To do this, scientists train neural networks using vast databases of existing DTI data. This method results in a list of drugs or drug combinations that have the highest potential to bind to and inhibit the actions of virus proteins.
In March 2020, a team of researchers from Tsinghua University, the Jiangsu Provincial Center for Disease Control and the Shanghai Institute of Materia Medica announced they had found a promising vaccine candidate for COVID-19.
Their methodology involved a neural network trained on “knowledge graphs” that had previously been successful in finding Baricitinib, one of the earliest examples of a potential treatment candidate for COVID-19.
Scientists build these knowledge graphs using natural language processing and machine learning. The algorithm combs vast medical archives to find connections between, for example, proteins and drugs — or other associations that are meaningful to the medical community.
5. Estimating Real-Time Spread and Forecasting Future Spread
The last example of scientists leveraging big data to flatten the coronavirus curve is potentially the most controversial.
For anybody reading between the headlines, it’s clear the mechanisms under development or already being used to study the pandemic may outlive the crisis and become part of a worldwide surveillance apparatus. The United States’ $2 trillion Coronavirus Relief Bill involves spending $500 million to implement a “public health surveillance and data collection system.”
Jake Laperruque, representing the D.C.-based nonprofit Project on Government Oversight, said he “could definitely see it being used to build out infrastructure for things like location tracking, cell phone tracking tools [or] social media monitoring tools.”

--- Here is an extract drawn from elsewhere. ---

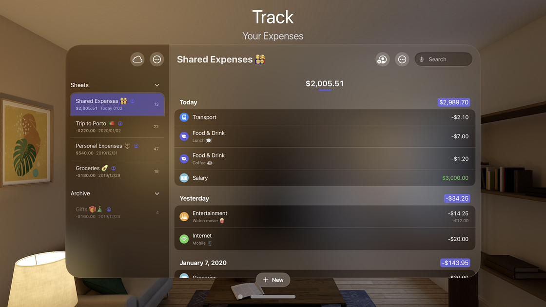Expenses has been crafted to keep track of your spending effortlessly, with useful features in a simple, intuitive interface. And with iCloud, it’s easy to keep all your expenses in sync across your devices and collaborate with others using sharing.
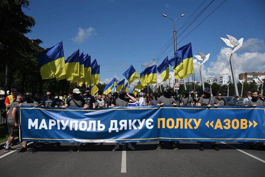 «Азовцы» максимально использовали для саморекламы «празднование годовщины освобождения Мариуполя», где прошел марш полка и свезённых со всей Украины нацистов под плакатами «Мариуполь благодарит полк Азов» и «Поддерживаем полк Азов».

Governments have traditionally worked with health systems to monitor the number of cases as well as the location and timing of infections. Unfortunately, this is a fantastically expensive and labor-intensive process. Using social media to expand our collection of knowledge in real-time is a crucial development in a situation as fast-moving as the COVID-19 pandemic.
This point is where social media enters the picture. Multiple research papers have already demonstrated how useful machine learning can be for digesting real-time social media posts and status updates. This technology can also estimate how quickly — and where — a communicable disease might spread next.
Users of Facebook, Twitter and other websites may use language that gives insights into their current or future health. Machine learning equipped with natural language processing can study massive numbers of public messages remarkably quickly. The software can then help researchers come to conclusions about disease spread and ultimately enable public officials to make responsible decisions in-the-moment.
COVID-19 and Big Data — And the Future of Pandemic Response
Each of these big data techniques likely has a role to play in flattening the infection curve and helping us mount a practical, effective and humanistic response to the pandemic.
In the right hands, these tools will ensure the world is better prepared should a similar crisis arise in the future.